ABOUT THIS TASK — Begin at the line below that holds "而在矿工利益方面,近期的数据表明,随着像 Ordinals 和" and end at the line that holds "Selger en DeWalt", transcribing each line exactly and skipping any picture.

ENTRIES SUPPLIED —
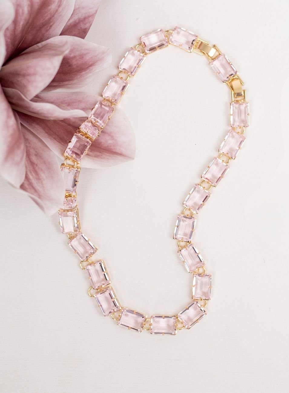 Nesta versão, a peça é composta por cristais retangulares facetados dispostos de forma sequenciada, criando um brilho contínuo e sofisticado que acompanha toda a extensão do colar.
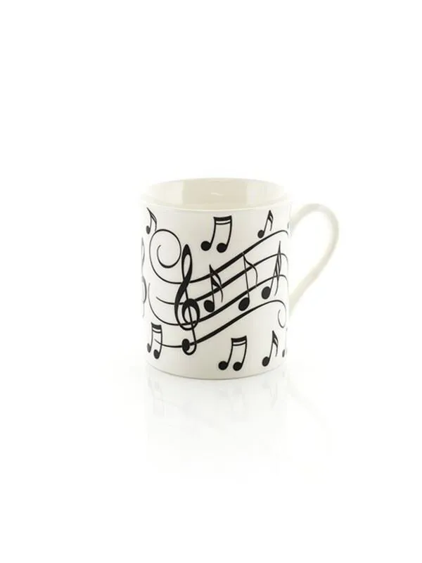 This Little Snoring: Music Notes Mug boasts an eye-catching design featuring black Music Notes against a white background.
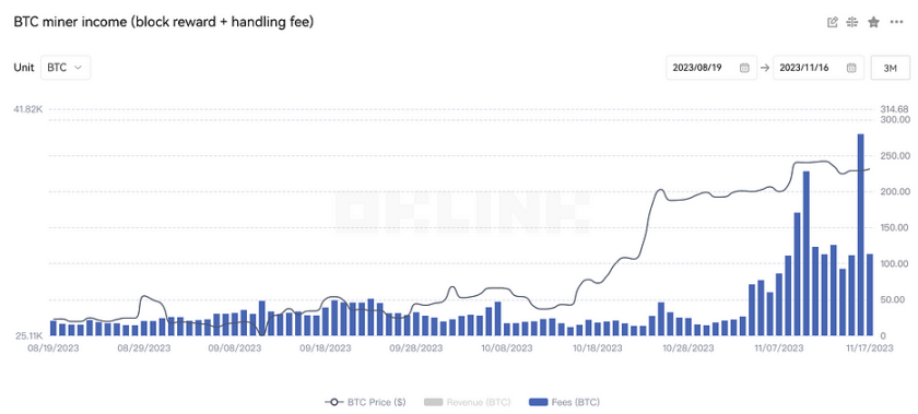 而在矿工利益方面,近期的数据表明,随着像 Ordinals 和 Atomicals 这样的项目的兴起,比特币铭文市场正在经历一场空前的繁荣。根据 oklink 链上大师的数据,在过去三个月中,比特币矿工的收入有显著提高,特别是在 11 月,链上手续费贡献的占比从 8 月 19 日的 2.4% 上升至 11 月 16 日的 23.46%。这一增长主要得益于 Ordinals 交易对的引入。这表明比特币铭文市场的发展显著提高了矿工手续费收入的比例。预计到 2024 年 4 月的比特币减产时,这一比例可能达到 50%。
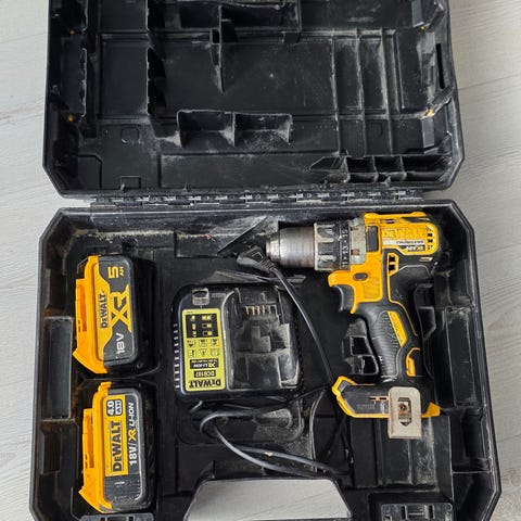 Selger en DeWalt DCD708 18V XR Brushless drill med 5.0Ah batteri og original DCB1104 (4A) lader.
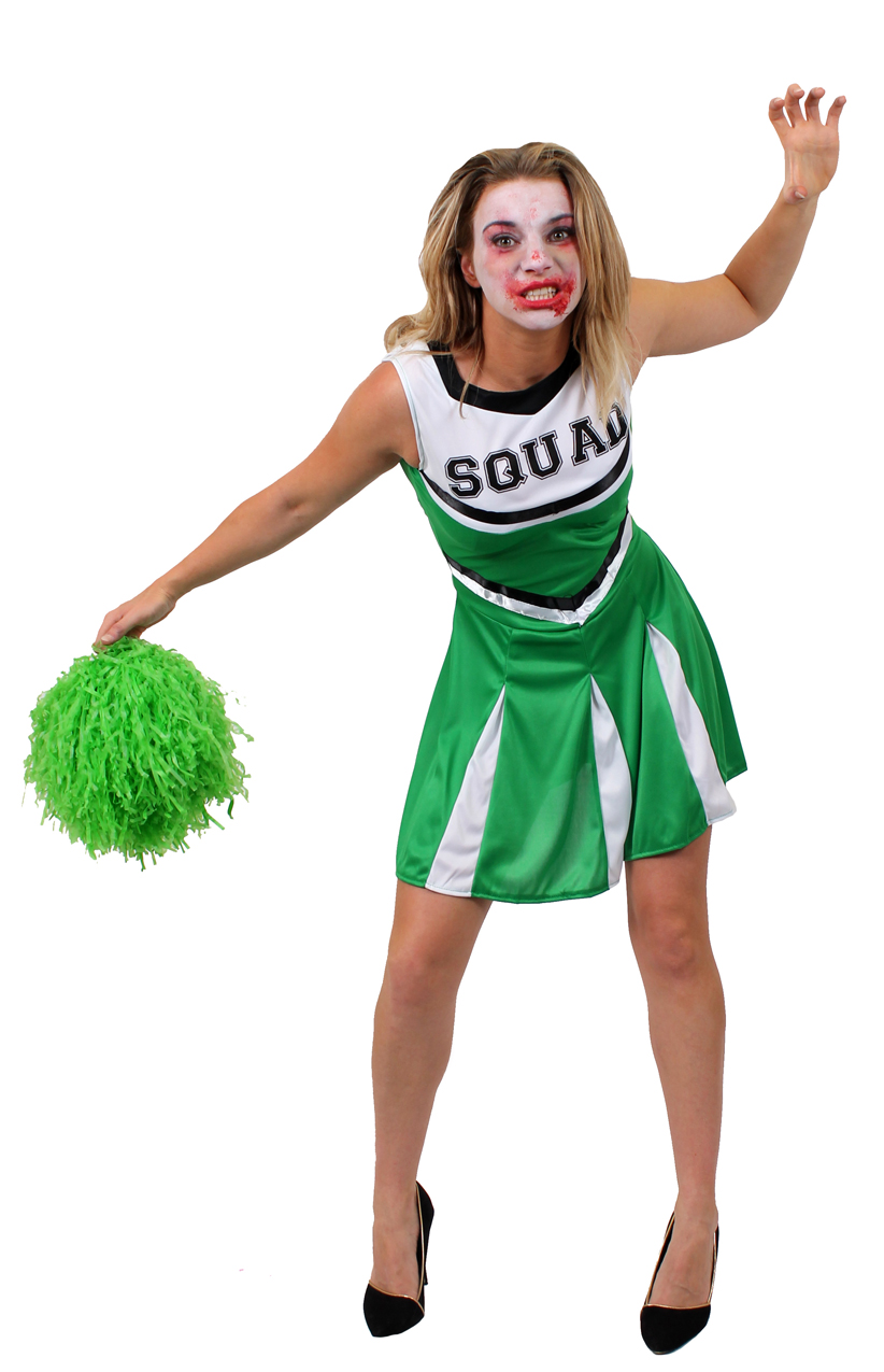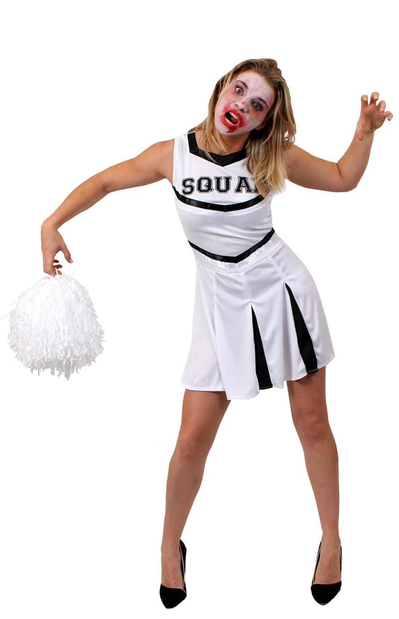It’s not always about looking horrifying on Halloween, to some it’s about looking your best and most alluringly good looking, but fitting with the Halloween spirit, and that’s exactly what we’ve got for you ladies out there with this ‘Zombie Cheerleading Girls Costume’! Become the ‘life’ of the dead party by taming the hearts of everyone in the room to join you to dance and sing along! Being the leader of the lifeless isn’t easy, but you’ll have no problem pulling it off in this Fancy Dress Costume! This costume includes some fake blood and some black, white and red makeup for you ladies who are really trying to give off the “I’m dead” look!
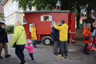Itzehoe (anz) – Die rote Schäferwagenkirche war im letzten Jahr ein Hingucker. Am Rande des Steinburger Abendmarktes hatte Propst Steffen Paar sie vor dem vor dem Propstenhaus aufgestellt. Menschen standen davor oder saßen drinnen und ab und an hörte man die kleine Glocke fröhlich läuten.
* * *
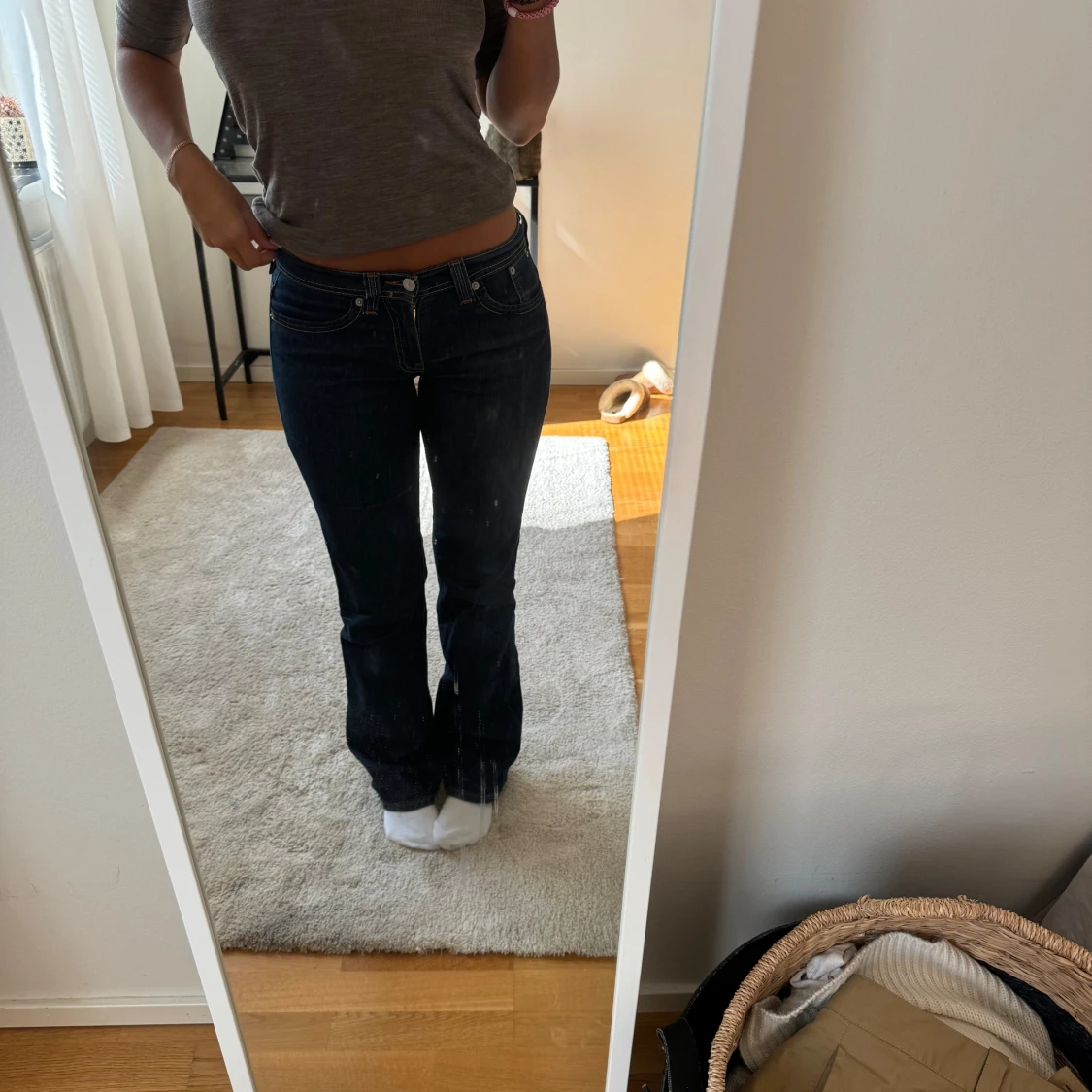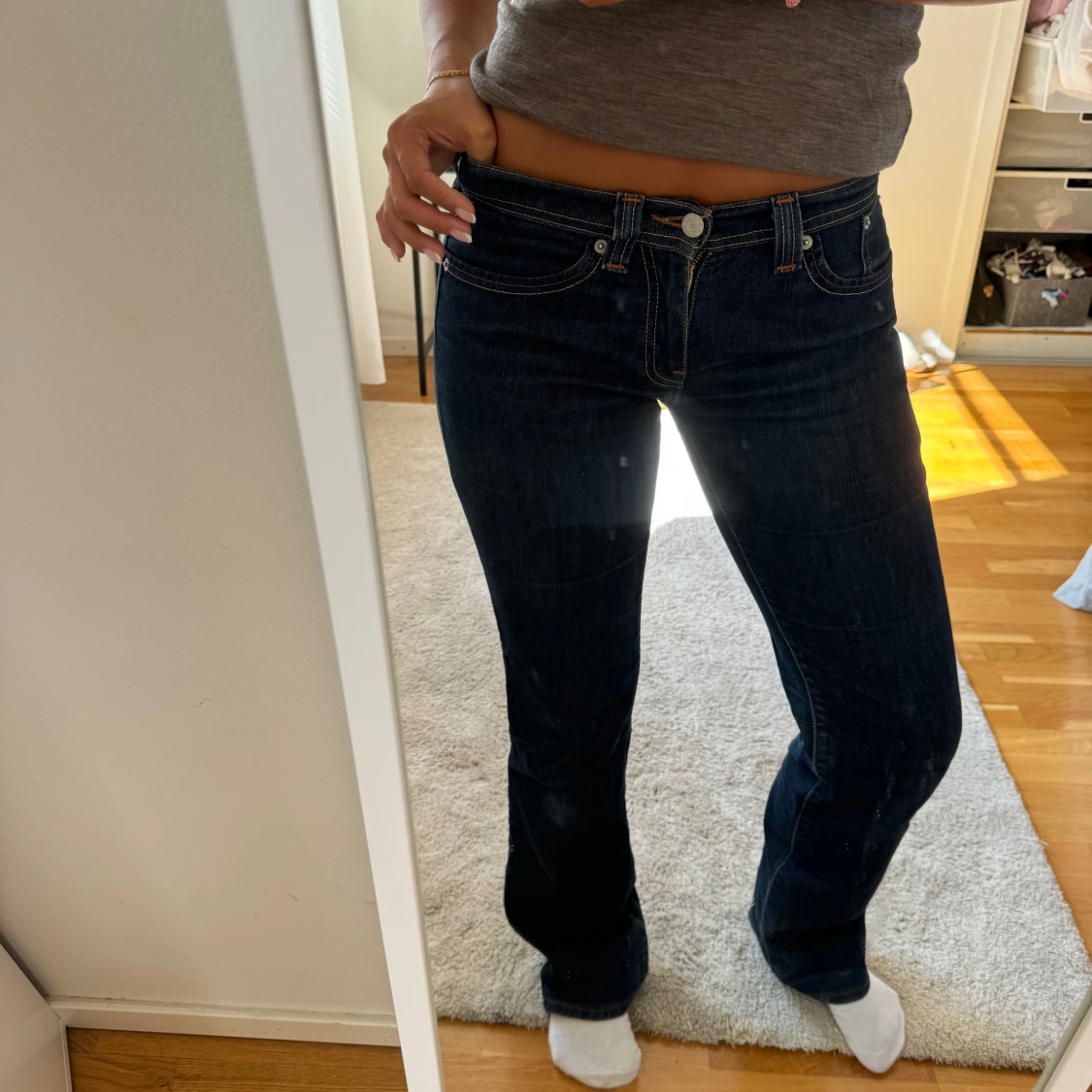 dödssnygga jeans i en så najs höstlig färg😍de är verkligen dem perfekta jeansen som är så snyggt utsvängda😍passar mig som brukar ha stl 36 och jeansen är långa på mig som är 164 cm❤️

WRITTEN ANSWER —
 而在矿工利益方面,近期的数据表明,随着像 Ordinals 和 Atomicals 这样的项目的兴起,比特币铭文市场正在经历一场空前的繁荣。根据 oklink 链上大师的数据,在过去三个月中,比特币矿工的收入有显著提高,特别是在 11 月,链上手续费贡献的占比从 8 月 19 日的 2.4% 上升至 11 月 16 日的 23.46%。这一增长主要得益于 Ordinals 交易对的引入。这表明比特币铭文市场的发展显著提高了矿工手续费收入的比例。预计到 2024 年 4 月的比特币减产时,这一比例可能达到 50%。
 Selger en DeWalt DCD708 18V XR Brushless drill med 5.0Ah batteri og original DCB1104 (4A) lader.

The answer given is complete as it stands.